ASSIGNMENT:
Copy word for word the lines of the records below, beginning at the one with "AGENCY TEL AVIV-YAFO" and finishing at the one with "Heiliger See östlich der Ortschaft in dem...", ends included, but none of the pictures.

SOURCE RECORDS:
::::

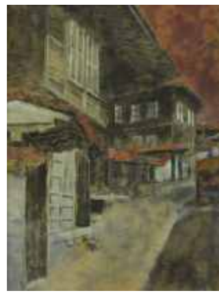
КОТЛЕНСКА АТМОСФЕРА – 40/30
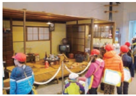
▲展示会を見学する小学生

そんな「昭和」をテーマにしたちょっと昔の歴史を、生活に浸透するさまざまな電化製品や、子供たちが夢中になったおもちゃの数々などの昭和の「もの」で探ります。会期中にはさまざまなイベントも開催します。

::::

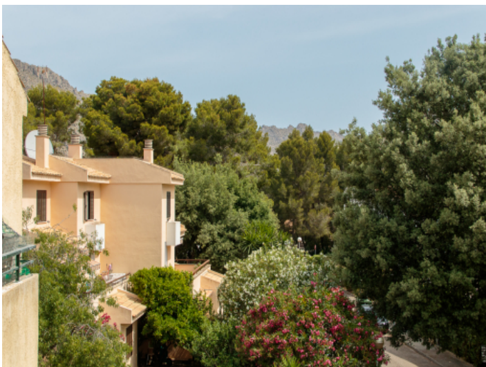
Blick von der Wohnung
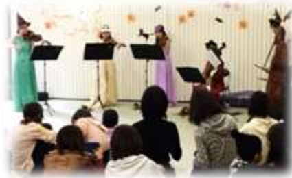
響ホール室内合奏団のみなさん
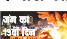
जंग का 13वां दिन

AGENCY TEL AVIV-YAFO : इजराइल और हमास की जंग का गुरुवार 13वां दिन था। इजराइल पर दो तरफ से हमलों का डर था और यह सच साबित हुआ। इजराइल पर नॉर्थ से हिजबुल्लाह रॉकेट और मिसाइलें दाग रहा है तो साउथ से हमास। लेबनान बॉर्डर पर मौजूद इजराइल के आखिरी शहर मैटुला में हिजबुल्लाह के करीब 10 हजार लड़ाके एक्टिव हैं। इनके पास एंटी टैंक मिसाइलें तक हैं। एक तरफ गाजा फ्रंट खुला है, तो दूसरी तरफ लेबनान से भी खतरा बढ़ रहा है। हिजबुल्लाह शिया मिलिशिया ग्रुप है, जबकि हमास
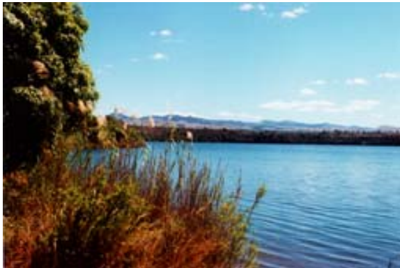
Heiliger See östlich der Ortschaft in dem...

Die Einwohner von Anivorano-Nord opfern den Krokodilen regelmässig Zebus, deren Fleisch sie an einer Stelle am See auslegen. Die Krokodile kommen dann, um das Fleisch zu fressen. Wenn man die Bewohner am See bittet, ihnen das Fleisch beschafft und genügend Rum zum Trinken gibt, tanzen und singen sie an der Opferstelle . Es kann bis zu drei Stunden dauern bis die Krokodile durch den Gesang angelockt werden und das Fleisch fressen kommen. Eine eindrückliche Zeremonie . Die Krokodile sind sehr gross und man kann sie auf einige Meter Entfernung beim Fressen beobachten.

::::

THE ANSWER:
AGENCY TEL AVIV-YAFO : इजराइल और हमास की जंग का गुरुवार 13वां दिन था। इजराइल पर दो तरफ से हमलों का डर था और यह सच साबित हुआ। इजराइल पर नॉर्थ से हिजबुल्लाह रॉकेट और मिसाइलें दाग रहा है तो साउथ से हमास। लेबनान बॉर्डर पर मौजूद इजराइल के आखिरी शहर मैटुला में हिजबुल्लाह के करीब 10 हजार लड़ाके एक्टिव हैं। इनके पास एंटी टैंक मिसाइलें तक हैं। एक तरफ गाजा फ्रंट खुला है, तो दूसरी तरफ लेबनान से भी खतरा बढ़ रहा है। हिजबुल्लाह शिया मिलिशिया ग्रुप है, जबकि हमास
Heiliger See östlich der Ortschaft in dem...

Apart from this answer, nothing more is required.